Much of the fibre is concentrated in the Southern and Eastern parts of Africa and around Nigeria in the West. In central Africa, fibre connections are lean while connections between North Africa and the rest of the regions are very limited.
“A low density national fibre backbone network increases the costs of connectivity due to reliance on expensive cross-border routes, and limits the quality of internet access and services available to academic and research institutions,” the report says.
Broadband prices in Africa may have come down recently but they are still high compared to those in Asia and Latin America.
Boosting research productivity
As the push for NRENs continues, evidence to show the extent to which they have boosted research activity is yet to be gathered.
“We need to look at how NRENs in Europe, the United States and Latin America have been able to support increased research productivity,” Nodumo Dhlamini, director of ICT services and knowledge management at the AAU, told University World News.
“In Africa I know that this is what we are aiming at. But I don’t know if we are able to allude an increase in research productivity to the existence of NRENs.”
Dr Lishan Adam, an independent ICT consultant and researcher, agrees: “Most universities are still in the early stages of bringing affordable connectivity to students and faculty. Only a few countries like South Africa and Tunisia have managed to move towards facilitating research collaboration, to some extent,” he told University World News.

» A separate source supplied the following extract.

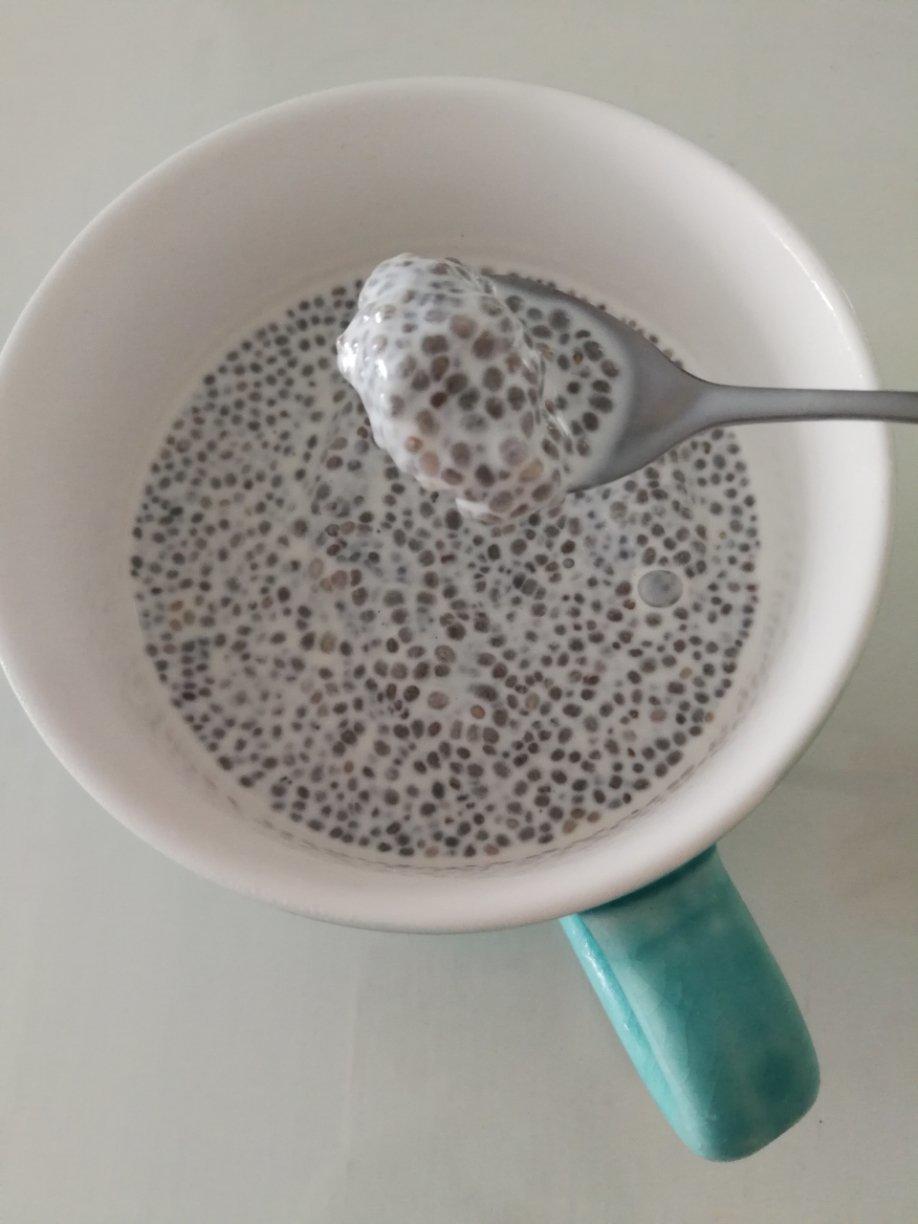 一盒牛奶250ml+40克奇亚籽+半支胶原蛋白当调味,冷藏过夜。

According to Adam, it is important to note that access to the internet by itself can improve research productivity – because the internet facilitates access to new information. High bandwidth connection can ease access to large amounts of scientific data and other resources like instruments on which cutting-edge research is based.
“If one can solve the problem of a graduate student struggling to download a journal article or application for prototyping or mind mapping, then some progress towards research productivity has already been made,” he said. But Adam is yet to come across a study that looks into academic networking and research productivity – even in advanced countries.
There is evidence that as universities and research institutions are interconnected and graduate from providing basic internet access towards facilitating research collaboration, the density of research increases, expanding academic and research linkages that will result in enhanced research productivity, as currently experienced in Latin America and individual countries.
“We are simply hoping that African countries will follow in the footsteps of these countries over the next five years, but we can begin measuring the link between networks and research productivity,” Adam said.
Problems arise across Africa as commercial internet service providers try to attract NRENs and universities with cheaper connectivity.
“This problem is real,” said Adam. In Uganda and Zambia, for instance, commercial providers came up with a cheaper package, making it hard for the national NRENs to compete. They survived thanks to leadership and their ability to present the NREN as a closed user group selling more than bandwidth.
Beyond connectivity, NRENs carry research traffic and facilitate research collaboration. They serve as a voice for the academic and research community and as a platform for capacity building in the design and operation of high speed networks.
The intensity of the problem various from one country to the other, and there are factors such as power and politics involved, said Adam. Therefore, there is a need to champion NRENs and for the AAU to grow awareness of their benefits among decision-makers, regulators and providers.